Take the lines in the listing below from the line with "零碳馆由两栋零碳排放的建筑前" up to and including the line with "詳細信息 152C-25L,152A-50L,流量表式減壓器" and set them down exactly, skipping pictures and adding nothing.

:::::

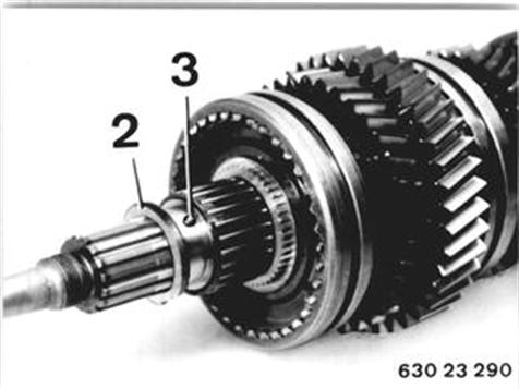 REPLACING OUTPUT SHAFT - OUTPUT SHAFT REMOVED - Pull off input shaft (1), synchromesh ring (2) and needle bearing (3). | ![]() |
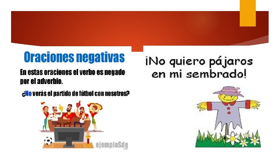 Afirmativas Negativas (simple) � Tengo hambre � Quiero un pastel � Puedo salir a jugar � El carro es rojo � El perro es grande � Yo estoy en la escuela � Ellos van a la fiesta � Ustedes estan en cine
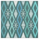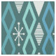 Ein Retro-Kunstmuster der 50er Jahre mit geometrischen Hohldiamanten und Sternen im Stil der Atomzeit. Die Farben sind aquamarin, türkis, aquamarin und ozeangrün.
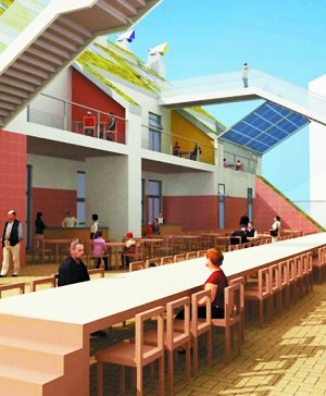 零碳馆由两栋零碳排放的建筑前后相接而成,其原型取自于世界上第一个零碳社区———伦敦贝丁顿零碳社区。
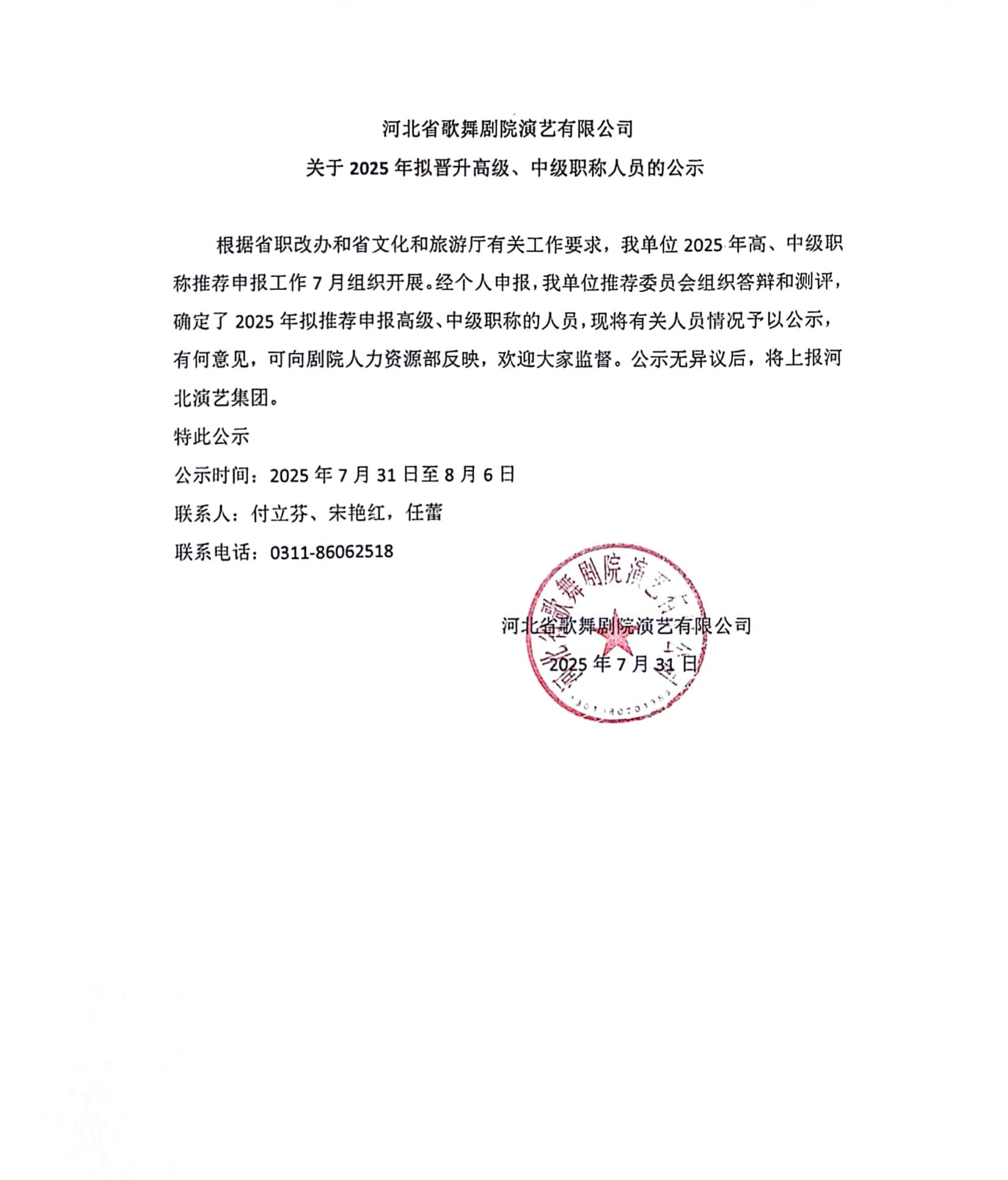河北省歌舞劇院演藝有限公司 關于2025年擬晉升高級、中級職稱人員的公示
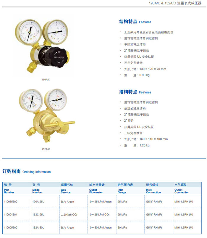 詳細信息 152C-25L,152A-50L,流量表式減壓器
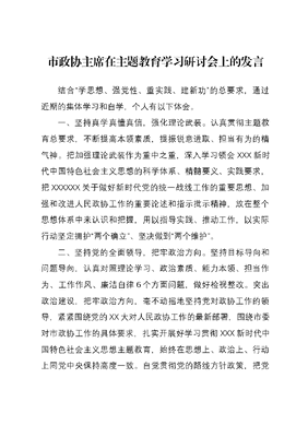市政协主席在主题教育学习研讨会上的发言结合学思想、强党性、重实践、建新功的总要求,通过近期的集体学习和自学,个人有以下体会。一、坚持真学真懂真信,强化理论武装。认真贯彻主题教育总要求,不断提高本领素质,提振锐意进取、担当有为的精气神。把加强理论武装作为重中之重,深入学习领会XXX新时代中国特色社会主义思想的科学体系、精髓要义、实践要求,把XXXXXX关于做好新时代党的统一战线工作的重要思想、加强和改进人民政协工作的重要论述和指示批示精神,放在整个思想体系中来认识和把握,用以指导实践、推动工作,以实际行动坚定拥护两个确立、坚决做到两个维护。二、坚持党的全面领导,把牢政治方向。坚持目标导向和问题导向,认真对照理论学习、政治素质、能力本领、担当作为、工作作风、廉洁自律6个方面问题,做好检视整改。突出政治建设,把牢政治方向,毫不动摇地坚持党对政协工作的领导,紧紧围绕党的XX大对人民政协工作的最新部署,围绕市委对市政协工作的具体要求,扎实开展好学习贯彻XXX新时代中国特色社会主义思想主题教育,始终在思想上、政治上、行动上同党中央保持高度一致。自觉贯彻党的路线方针政策,把党的主张通过民主程序转化为各方面的共同意志,引导广大委员和界别群众进一步筑牢团结奋斗的思想根基,担负起新时代人民政协的新使命。三、坚持学思用贯通,提升履职水平。努力把XXX新时代中国特色社会主义思想转化为坚定理想、锤炼党性和指导实践、推动工作的强大力量。要在服务高质量发展上贡献政协智慧和力量。按照大兴调查研究工作方案和市委具体要求,紧紧围绕全面贯彻落实党的XX大精神,助力我市锚定两个确保,实施十大战略、百条举措,统筹发展和安全,奋力推动高质量发展。要在建言资政和凝聚共识上双向发力。进一步团结合作,发挥人民政协联系群众广泛、各方人才荟萃的特色和优势,将委员中蕴藏的强大智慧力量激发出来。要在两支队伍建设上提质增效。加强委员学习培训,深化细化委员管理和服务;从严管理、从严要求机关干部,增强使命责任意识和担当进取精神,努力打造适应新时代要求的委员队伍和机关队伍。

:::::

## RESPONSE FOR THIS EXERCISE:
 零碳馆由两栋零碳排放的建筑前后相接而成,其原型取自于世界上第一个零碳社区———伦敦贝丁顿零碳社区。
河北省歌舞劇院演藝有限公司 關于2025年擬晉升高級、中級職稱人員的公示
 詳細信息 152C-25L,152A-50L,流量表式減壓器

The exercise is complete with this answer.